> [Exercise directions]
Below are records to repeat exactly. Omit the pictures from the copy.

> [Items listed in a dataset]
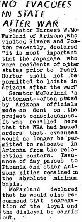Page 1: YMCA member to arrive in Poston; canal building to employ worker; Hawaiian Nisei eligible for return; Chicago accepts evacuee pupils.
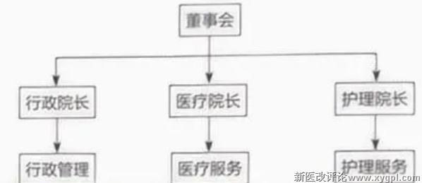 首席执行官(或院长)负责实施董事会决议,自主招聘多个副手以分管不同事务,全面主持医院各项管理工作。医务人员在医疗机构中是保持独立和自治,但需要在医疗质量上对董事会负责。
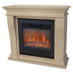 Modell: Kreta Mini Naturstein Weiß LED Kamin mit Lucius LED Kamineinsatz
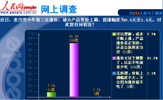2008年10月初,麥當(dāng)勞在一年內(nèi)第三次宣布漲價,部分產(chǎn)品售價上調(diào),提漲幅度為0.5元至1.5元。對此,人民網(wǎng)做了網(wǎng)上調(diào)查,共有273人參與。
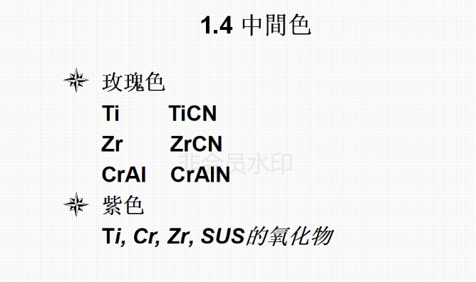5)、PVD技術(shù)不僅提高了 鍍膜與基體材料的結(jié)合強(qiáng)度,涂層耗材種類繁多,還有多元復(fù)合涂層,形成不同的顏色的表面效果。
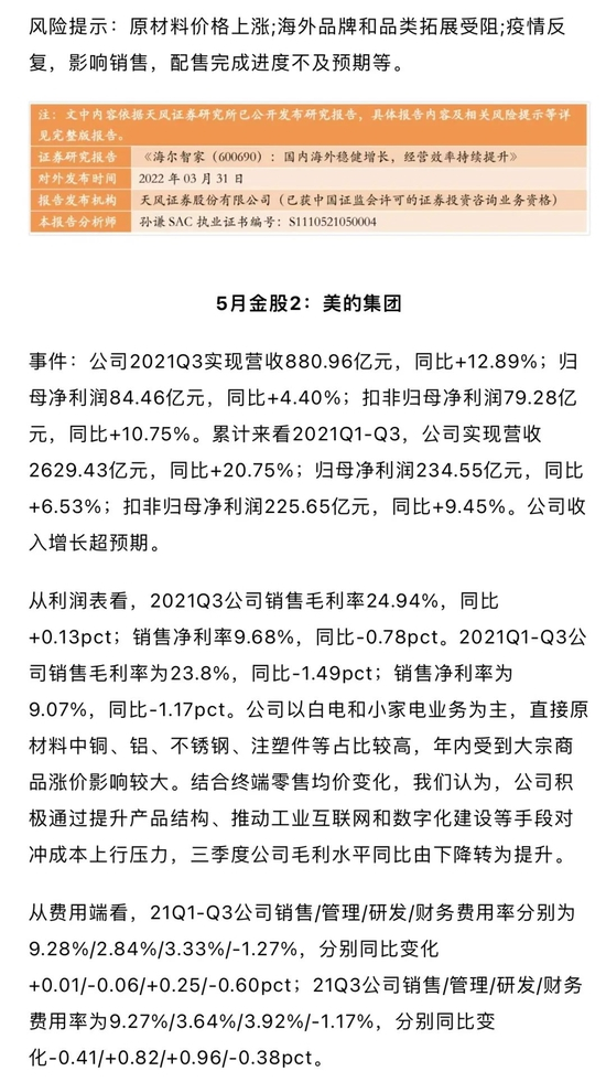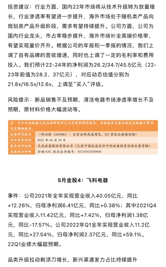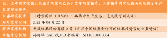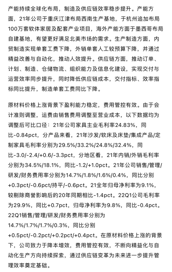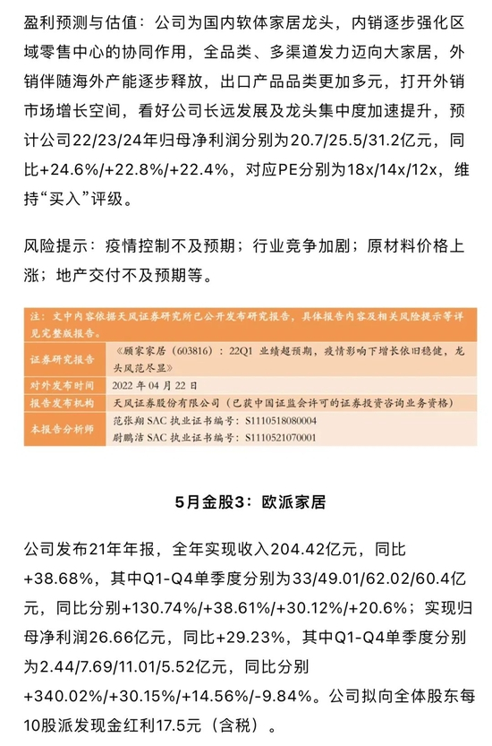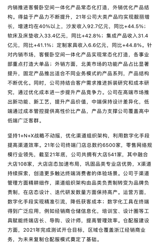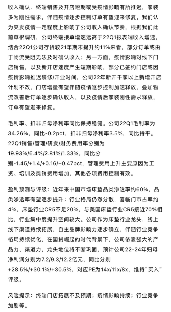 风险提示:疫情局部反复影响后续线下客流;原材料及人工、节能环保要求稳步提升对产品价格压力;国内竞品品牌发力影响市场份额等。
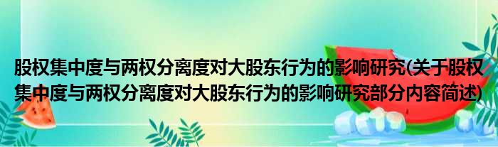 股权集中度与两权分离度对大股东行为的影响研究(关于股权集中度与两权分离度对大股东行为的影响研究部分内容简述)
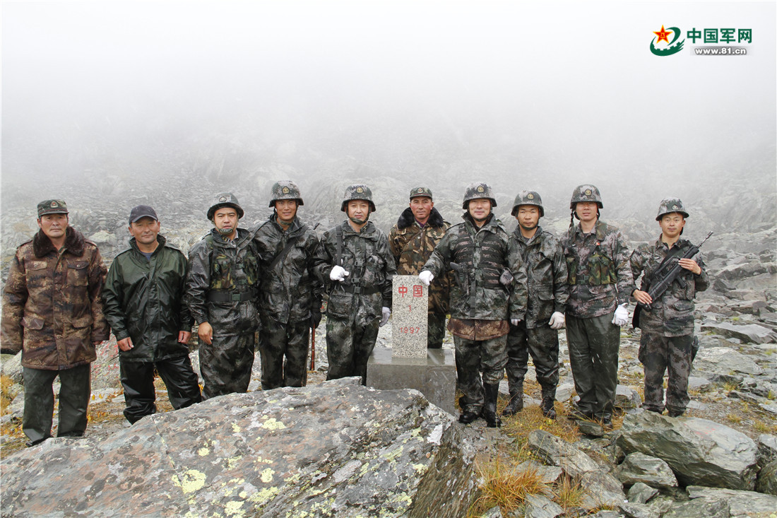 到达界碑并合影。
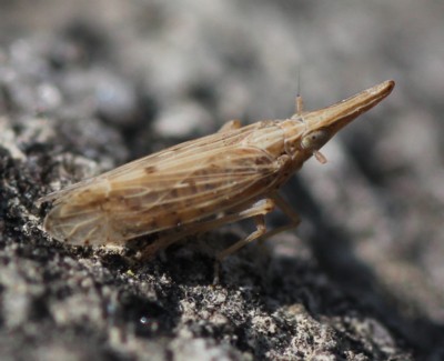 ・頭部が著しく前方へ突出したウンカの仲間。全体に淡暗黄色で、翅には小さな褐色の斑紋がある。
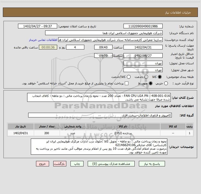 استعلام FAN CPU LGA PN : 408-001-016 - تعداد 200 عدد - نحوه و زمان پرداخت مالی : دو ماهه - کالای انتخاب شده صرفا جهت تشابه می باشد., استعلام FAN CPU LGA PN : 408-001-016 - تعداد 200 عدد - نحوه و زمان پرداخت مالی : دو ماهه - کالای انتخاب شده صرفا جهت تشابه می باشد.

> [Your response]
Page 1: YMCA member to arrive in Poston; canal building to employ worker; Hawaiian Nisei eligible for return; Chicago accepts evacuee pupils.
 首席执行官(或院长)负责实施董事会决议,自主招聘多个副手以分管不同事务,全面主持医院各项管理工作。医务人员在医疗机构中是保持独立和自治,但需要在医疗质量上对董事会负责。
 Modell: Kreta Mini Naturstein Weiß LED Kamin mit Lucius LED Kamineinsatz
2008年10月初,麥當(dāng)勞在一年內(nèi)第三次宣布漲價,部分產(chǎn)品售價上調(diào),提漲幅度為0.5元至1.5元。對此,人民網(wǎng)做了網(wǎng)上調(diào)查,共有273人參與。
5)、PVD技術(shù)不僅提高了 鍍膜與基體材料的結(jié)合強(qiáng)度,涂層耗材種類繁多,還有多元復(fù)合涂層,形成不同的顏色的表面效果。
 风险提示:疫情局部反复影响后续线下客流;原材料及人工、节能环保要求稳步提升对产品价格压力;国内竞品品牌发力影响市场份额等。
 股权集中度与两权分离度对大股东行为的影响研究(关于股权集中度与两权分离度对大股东行为的影响研究部分内容简述)
 到达界碑并合影。
 ・頭部が著しく前方へ突出したウンカの仲間。全体に淡暗黄色で、翅には小さな褐色の斑紋がある。
 استعلام FAN CPU LGA PN : 408-001-016 - تعداد 200 عدد - نحوه و زمان پرداخت مالی : دو ماهه - کالای انتخاب شده صرفا جهت تشابه می باشد., استعلام FAN CPU LGA PN : 408-001-016 - تعداد 200 عدد - نحوه و زمان پرداخت مالی : دو ماهه - کالای انتخاب شده صرفا جهت تشابه می باشد.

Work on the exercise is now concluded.